Figure 6 shows the spatial distribution of 1440 CFD simulation points. The three axes correspond to rotational speed, inlet temperature, and inlet pressure, while the inlet volumetric flow rate is mapped through a color scale. This point cloud indicates that the CFD cases were generated by conducting structured sampling in the multi-dimensional operating space, which helps to verify that this database covers a wide range of target operating conditions. The ranges of inlet pressure, inlet temperature, rotational speed, and inlet volumetric flow rate were determined according to the design condition, factory performance curve, and actual allowable operating envelope of the compressor. The structured sampling strategy covers both the design condition and typical off-design states, including low-speed, high-speed, low-flow, and high-flow conditions. Therefore, the CFD database is not limited to a narrow neighborhood around the design point but covers the main operating region required for healthy-state baseline construction.

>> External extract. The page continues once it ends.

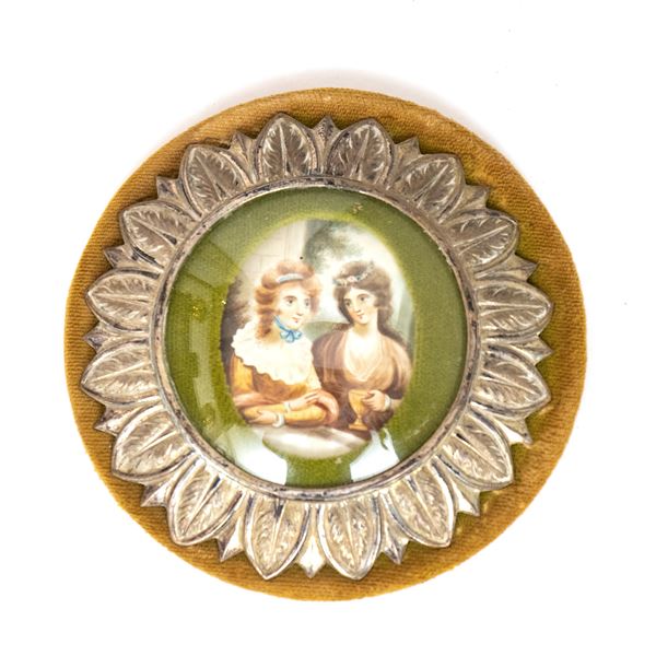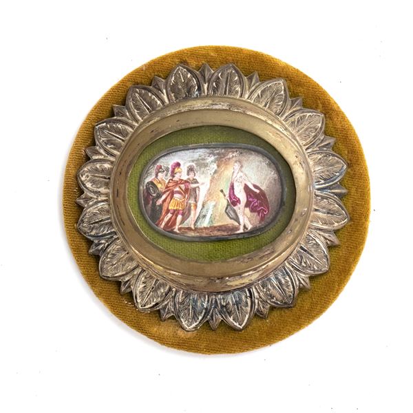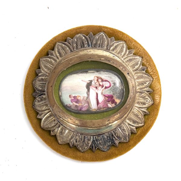 depicting mythological scenes and maidens, hand-painted, within a silver frame with plant motifs.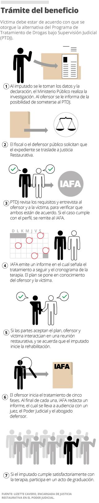 “La persona debe asistir a terapias de grupo, como alcohólicos o narcóticos anónimos. También puede que deba ir al tratamiento del IAFA. Como requisito, debe mantenerse activa laboralmente o académicamente", indicó la funcionaria.

3.2. Factory-Data Quality and Uncertainty Characterization
A total of 344 sets of factory test data were used in this study. To ensure data quality, the raw measurements were screened according to thermodynamic steady-state criteria before being used for model correction and validation. A sample was regarded as quasi-steady only when the variations in inlet pressure, inlet temperature, rotational speed, and inlet volumetric flow rate within a 5 min window were lower than 0.3%, 0.5 K, 0.2%, and 1%, respectively. Samples failing these criteria were excluded from the factory-data correction dataset.
The main measurement instruments and their accuracies are listed in
Table 4. The uncertainties of derived quantities, including polytropic head, efficiency, and power, were calculated using the law of propagation of uncertainty [
33]. All instruments were calibrated according to traceable calibration procedures or manufacturer-recommended methods. The uncertainty of calculated fluid power was obtained by propagating the uncertainties of flow rate, pressure, temperature, and gas composition.
For clarity, the CFD-generated database was used to train the healthy-state baseline surrogate. The factory correction dataset was used only to train the residual-correction model. Dataset A was held out from all training and hyperparameter-selection procedures and was used only for independent evaluation and ablation comparison. The post-overhaul field dataset was used as an additional quasi-steady field validation dataset.
3.3. Baseline-Model Development and Comparison of Algorithms
Before model development, all input features were standardized using StandardScaler. The CFD sample set was divided into training, validation, and test subsets in a ratio of 70:15:15. The training subset was used for model fitting, the validation subset was used for hyperparameter selection, and the independent test subset was used for final baseline-surface evaluation. The factory data were divided into 300 samples for residual-correction training and 44 independent samples for validation.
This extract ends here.